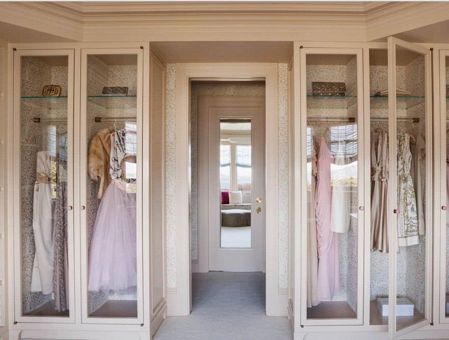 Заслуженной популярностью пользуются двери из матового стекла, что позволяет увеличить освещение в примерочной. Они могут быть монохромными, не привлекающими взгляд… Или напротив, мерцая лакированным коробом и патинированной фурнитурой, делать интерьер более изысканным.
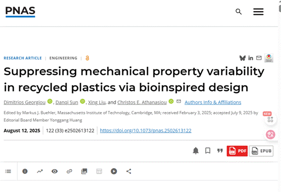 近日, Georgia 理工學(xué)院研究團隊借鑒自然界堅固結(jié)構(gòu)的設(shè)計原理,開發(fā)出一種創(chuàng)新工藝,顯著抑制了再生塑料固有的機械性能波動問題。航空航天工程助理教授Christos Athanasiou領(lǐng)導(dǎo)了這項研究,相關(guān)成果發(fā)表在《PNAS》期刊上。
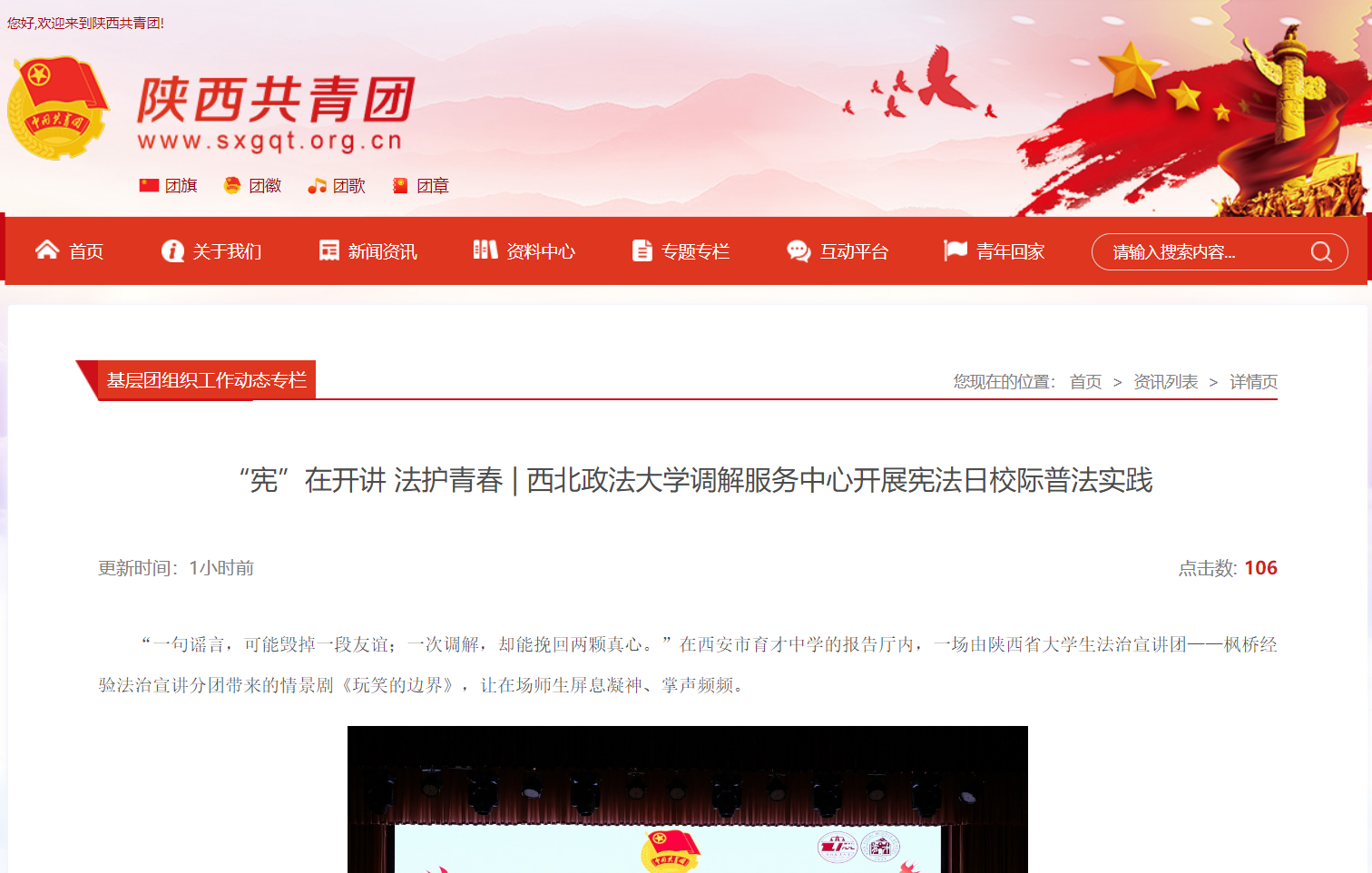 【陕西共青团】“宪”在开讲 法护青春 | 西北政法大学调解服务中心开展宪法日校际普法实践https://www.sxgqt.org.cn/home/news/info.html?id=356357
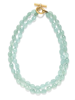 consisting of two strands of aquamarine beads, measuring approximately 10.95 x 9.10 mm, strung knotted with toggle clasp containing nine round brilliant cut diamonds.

▸ Activity:
Leaving out only the pictures, return the material above unchanged.

▸ Response below:
 Заслуженной популярностью пользуются двери из матового стекла, что позволяет увеличить освещение в примерочной. Они могут быть монохромными, не привлекающими взгляд… Или напротив, мерцая лакированным коробом и патинированной фурнитурой, делать интерьер более изысканным.
 近日, Georgia 理工學(xué)院研究團隊借鑒自然界堅固結(jié)構(gòu)的設(shè)計原理,開發(fā)出一種創(chuàng)新工藝,顯著抑制了再生塑料固有的機械性能波動問題。航空航天工程助理教授Christos Athanasiou領(lǐng)導(dǎo)了這項研究,相關(guān)成果發(fā)表在《PNAS》期刊上。
 【陕西共青团】“宪”在开讲 法护青春 | 西北政法大学调解服务中心开展宪法日校际普法实践https://www.sxgqt.org.cn/home/news/info.html?id=356357
 consisting of two strands of aquamarine beads, measuring approximately 10.95 x 9.10 mm, strung knotted with toggle clasp containing nine round brilliant cut diamonds.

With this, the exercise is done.